The plaintiff brought suit in the District Court for the District of New Jersey to recover on a judgment which it had obtained against the defendant in a Missouri court of record. With the consent of the parties, but without the requisite waiver in writing (28 USCA § 773), the case was tried by a judge without a jury. The trial judge refused to give full faith and credit to the Missouri judgment and entered judgment in favor of the defendant. This court rendered a decision reversing the judgment of the court below, but, before the mandate was sent down to the District Court, vacated the judgment and dismissed the appeal without prejudice, in compliance with the request of the parties. A stipulation in writing that the cause be tried by the court without a jury was thereupon filed. The case was retried in the District Court upon the same evidence introduced at the prior trial. The District Judge, adhering to his original opinion, again entered judgment for the defendant. This is an appeal from that judgment.
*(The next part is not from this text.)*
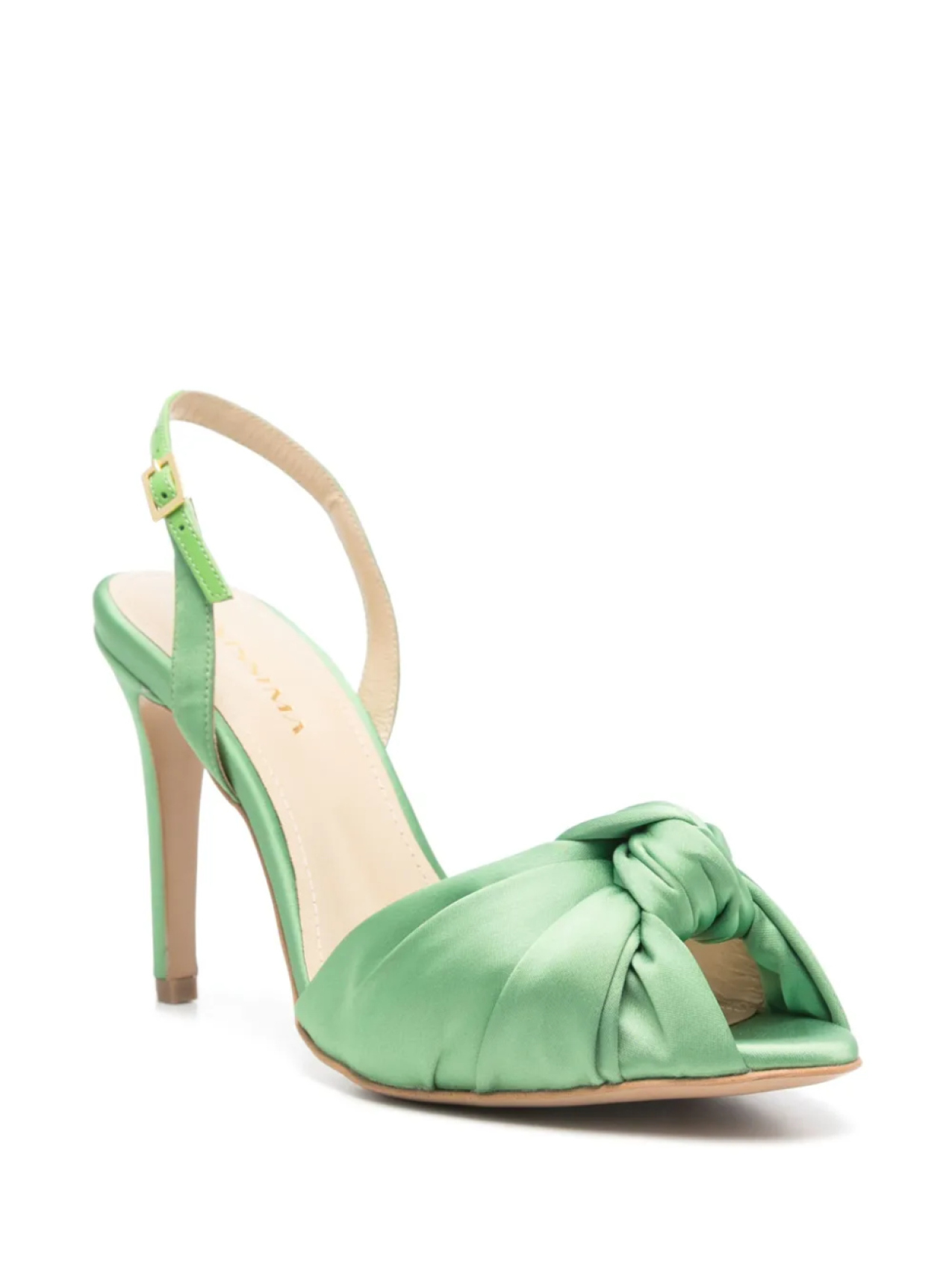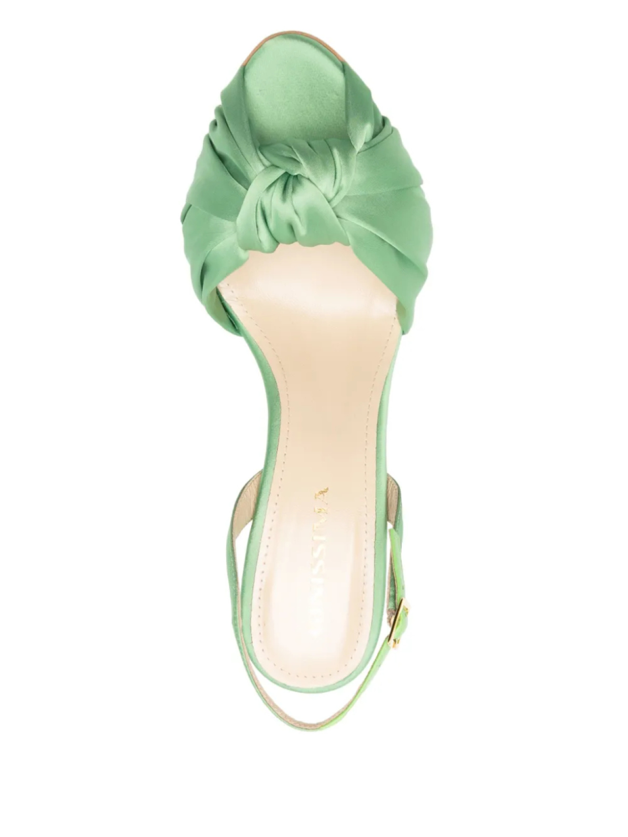 Застежка на пряжке травянисто-зелёного цвета, ремешок на пятке, фирменная стелька, декоративный узел, открытый носок

The same issues are argued by the appellant as were argued on the prior appeal. The appellee, however, has raised a new issue to the effect that the fact findings of the court below are conclusive unless there is no evidence to support them. Although we accept the contention that findings by a trial court sitting without a jury have the force and effect of a verdict, the doctrine has no application where there are no findings by the trial court which are, in form and substance, findings of fact. The ten findings requested by the defendant and allowed by the trial court (Reeord, pages 217, 218, 219) are, in some instances, purely legal conclusions, and, in the remainder, mixed findings of law and fact. In the latter instances it is impossible to review the trial court’s legal conclusions without reviewing its fact findings. Moreover, the specific facts set out in detail in the opinion of the trial court justify a conclusion that lawful service was made upon the defendant in Missouri.
For these reasons and those fully set forth in our opinion upon the previous appeal, reported in 51 F.(2d) 626, the judgment of the court below is reversed, with direction that judgment be entered for the plaintiff for the amount claimed, in the complaint, with interest and costs.